Tuesday, November 10, 2015

Happening this week: Thai food fest at Marco Polo Ortigas


MANILA – Craving for authentic Thai food? You’re in luck because this week, Marco Polo Ortigas Manila is holding a festival highlighting the flavors of this Southeast Asian country.

Expect to see the signature dishes of Thailand along with other international offerings at the buffet spread of Cucina, Marco Polo’s all-day dining restaurant until November 15.

For both lunch and dinner, Cucina’s live stations will feature familiar favorites such as Tom Yum Goong, Pad Thai, Goong Sarong and Som Tam, among others, as part of Marco Polo’s “Flavors of Thailand” promotion.

Prices start at P1,850 net per person.

“Thai cuisine is indeed a harmony in every detail. It places emphasis on simple dishes with strong and aromatic flavor accents which makes it unique from all other cuisines in the world,” said Mirko de Giorgi, the hotel’s food and beverage director.

Marco Polo has flown in two Thai guest chefs from Bangkok for the week-long culinary festival, a first for the hotel.

Chefs Sunisa Nualthongkaew and Watcharavee Rujechotiphat will hold cooking sessions on November 14 at Marco Polo’s Vu’s Sky Bar and Lounge at P3,000 net per person. The amount includes a cooking lesson, a Thai home cook beginner’s kit and a single buffet pass at Cucina.


While it is known for its high spice levels, Thai cuisine also features different kinds of refreshing salads, savory entrees and delectable desserts. A key principle here is balance – between heat and cold, sweet and spicy, sweet and sour, and salty and bitter.

Prior to Marco Polo’s Flavours of Thailand promotion, several other hotels in Metro Manila have held food festivals promoting the Southeast Asian country’s diverse cuisine.

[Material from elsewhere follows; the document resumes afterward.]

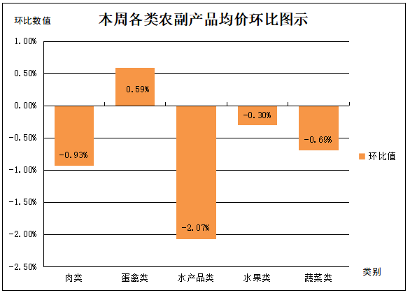 三、水产品类产品总体均价呈一定幅度回落。本周,受监测的水产品类产品中冻带鱼平均价格平稳,白鲫鱼、鲢鱼、非洲鲫鱼、海蛎、明虾平均价格分别不同幅度回落0.28%、0.53%、1.59%、3.38%、4.36%,明虾为监测水产品类产品价格浮动之首。
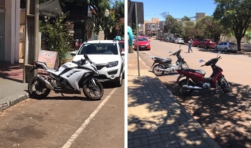 "Algum dia será que vamos ver motos estacionadas em vagas de motos? Neste caso (rua Harrison José Borges), a vaga para moto fica a 20 metros e com sombra (foto à dir.), mas preferem estacionar no sol e “tirar” uma vaga so para ele".

To those who want to enjoy Thai food in the comfort of their own homes, Marco Polo provided a recipe for Pad Thai Goong, a stir-fried rice noodle dish.

Pad Thai Goong

Ingredients:

Rice noodles, 300 grams
Vegetable oil, 4 tablespoons
Medium fresh prawns (cleaned), 20 pieces
Firm tofu (cut into small pieces), 100 grams
Shallots (thinly sliced), 3 pieces
Dried shrimp (soaked in warm water), 50 grams
Sweet pickled radish/turnip (chopped), 50 grams
Dried ground red chili peppers, 2 teaspoons
Large eggs, 3 pieces
Bean sprouts, 150 grams
Garlic chives (cut into 1-inch lengths), 50 grams
Pad Thai sauce, 10 tablespoons
Peanuts (roasted and crushed), 4 tablespoons
Lime (cut into wedges), 4 pieces

Procedure:

1. Soak the rice noodles in cool or lukewarm water for at least 40 minutes, until the noodles are limp but still firm to touch. When the noodles have softened, drain and set aside.

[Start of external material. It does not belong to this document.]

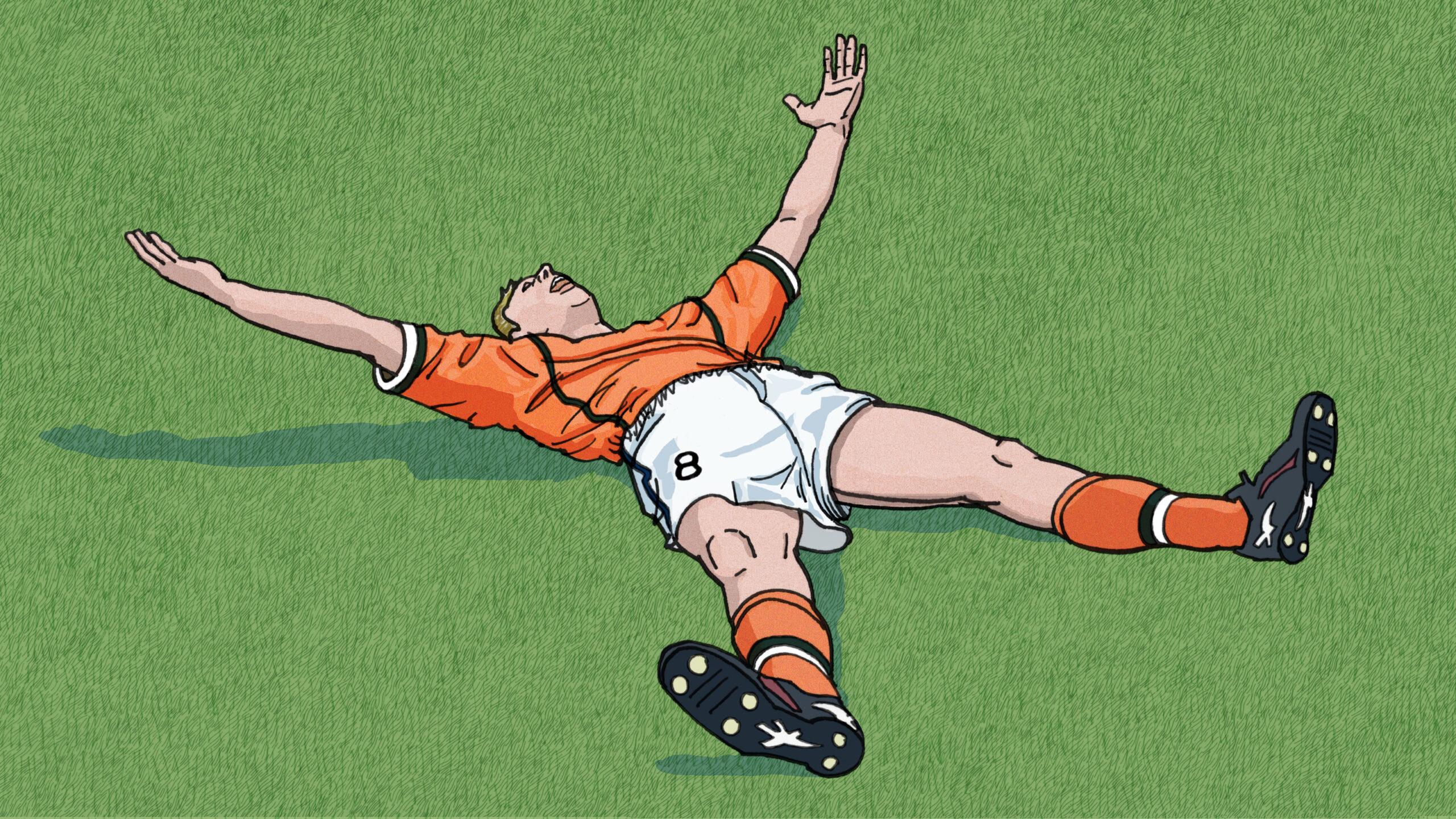 That Dutch commentator definitely said “smork.” Dennis falls to the ground with his arms outstretched. Holland moves on to the semifinals. They lose to Brazil on penalties. Dennis makes his.

2. Heat a large wok over high heat and add vegetable oil. Add prawns and cook until almost cooked through. Remove from wok and set aside.

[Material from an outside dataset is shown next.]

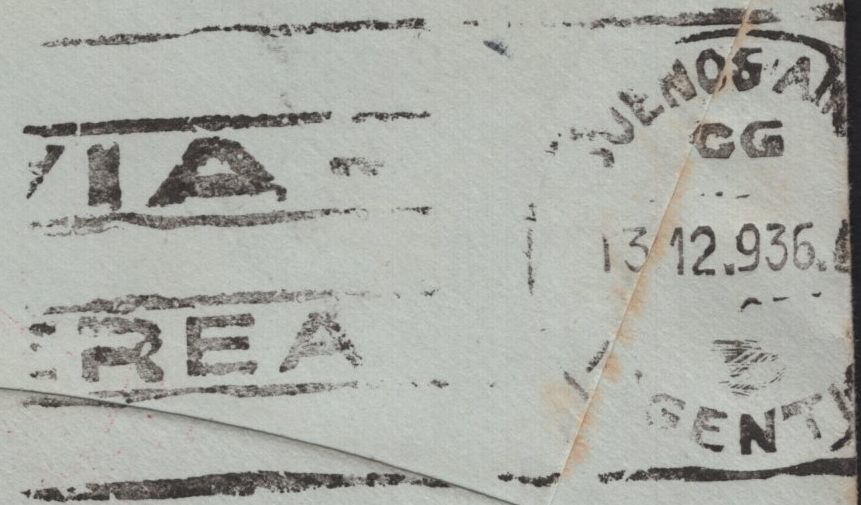 1936 AIRMAIL LONDON TO BUENOS AIRES, ARGENTINA 2/6 SEAHORSE (SG450) PAIR 9D (SG447). Envelope sent airmail London to Buenos Aires, Argentina, with fine 2/6 Seahorse (SG450) and pair 9d photogravure (SG447) 'LONDON' cancellation 7 DEC 36. (Ref 142084.)

3. Add vegetable oil to the wok, and let the wok heat up again. Add the tofu and stir-fry until golden brown. Add shallots, dried shrimp and sweetened radish. Mix well and stir until shallots are cooked.

4. Add the noodles and combine with other ingredients. Stir-fry for 1 to 2 minutes until softened. Push up along one side of the wok. Add a teaspoon of oil and cook to set. Cut eggs into small chunks with a spatula and toss with the noodles.

5. Add the prepared Pad Thai sauce and stir well to coat noodles. If noodles are too firm for your liking, sprinkle 1 to 2 tablespoons of water. Taste and adjust flavors as desired.

6. When the noodles are cooked to your liking, toss in the bean sprouts and garlic chives. Add the prawns and stir well. Transfer to serving plate.

7. Garnish with lime, bean sprouts, scallions, dried ground chilies and chopped peanuts.

Marco Polo’s Flavours of Thailand promotion is in partnership with Thai Airways.